This week, our partnership with game criticism site Critical Distance brings us picks from Johnny Kilhefner on topics ranging from race and representation in games to what video games can still learn from their board game and tabletop cousins.
Over at Video Game Heart, Grayson Davis doesn't find bad design in videogames to be all that bad:
Bad design isn’t always always without value. On the contrary, Mario Maker is an amazing tool. Much like listening to someone describe their dreams, the Mario Maker experience is a fragmented mess [...] So video game producers and art directors put them in their creations to draw on that shorthand.
Meanwhile, in Gamasutra's blogs, Tim Conkling makes a salient point of the perception of design:
The notion that design is intellectually relevant is uncontroversial. Nobody would ever seriously write off, for example, an Eames chair or a Gehry building; whether these objects fit some random definition of “art” is inconsequential to their perceived cultural value. But outside the industry, I don’t think that games are really understood as designed objects.
Kill Screen's Jake Muncy reviews Undertale and confronts a moral dissonance between playing the game in a way that feels true to his own interpretation, finding his morality at the whims of the game’s mechanics itself. “Every boss fight was not a question of, 'Do I want to kill this individual?'" he said. "It was a question of, 'Can I solve this puzzle? Do I have the resources to survive long enough to deliver mercy before Game Over?'"
At The Guardian, Quintin Smith believes videogames ought to borrow more from board games, while back on Gamasutra's blogs Filip Wiltgren ponders the differences between tabletop games and videogames.
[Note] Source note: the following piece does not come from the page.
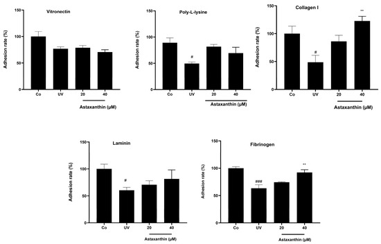 Effect of astaxanthin on UVB-induced alterations in HaCaT cell adhesion to extracellular matrix (ECM) proteins. HaCaT cell suspensions were pre-treated with astaxanthin extract (20 and 40 µM) at 37 °C before UVB exposure. Following irradiation, cells were seeded into ECM protein-coated Nunc multiwell plates (vitronectin, fibrinogen, laminin, collagen IV, or poly-L-lysine). After incubation, non-adherent cells were removed, and adhesion rate was estimated. The results are expressed as the mean ± SEM. # p < 0.05, ### p < 0.001 vs. Co group, ** p < 0.01.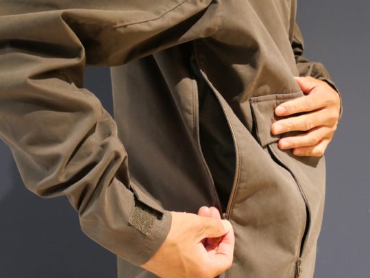 換気と脱着をスムーズにするため長めのサイドジッパーが配されています。

Naomi Alderman talks about the importance of cultural education in videogames, and why it’s not cool to claim “intellectual superiority” for knowing nothing about video games:
But more aggravating even than this are the forums, summits, breakout sessions and seminars on 'digital literature' run by exceedingly well-meaning arts people who can talk for hours about what the future might be for storytelling in this new technological age – whether we might produce hyperlinked or interactive or multi-stranded novels and poems -- without apparently noticing that video games exist. And they don’t just exist! They’re the most lucrative, fastest-growing medium of our age.
As for cultural appreciation, Jess Joho notes how videogames are keeping the symphony orchestra from obsolescence, with The Legend of Zelda: Symphony of the Goddesses attracting twice the amount of concert-goers than the average classical symphony event.
Elsewhere, former developer turned pub owner Jon Blyth compares the games industry to the alcohol business:
Then there are the people who say Her Story, Gone Home and so on aren't "games". We've got that with Craft Beer - eye-rolling at the fizzy upstart, tutting at the genre-stretching novelty of a Chocolate Aniseed IPA, and wincing as the high price of craft beer collides hard with the preconception of craft brewers as privileged hipsters. Conservatism is ugly, whatever the size of the C. Let's just all get drunk on whatever we enjoy and make out in the toilets.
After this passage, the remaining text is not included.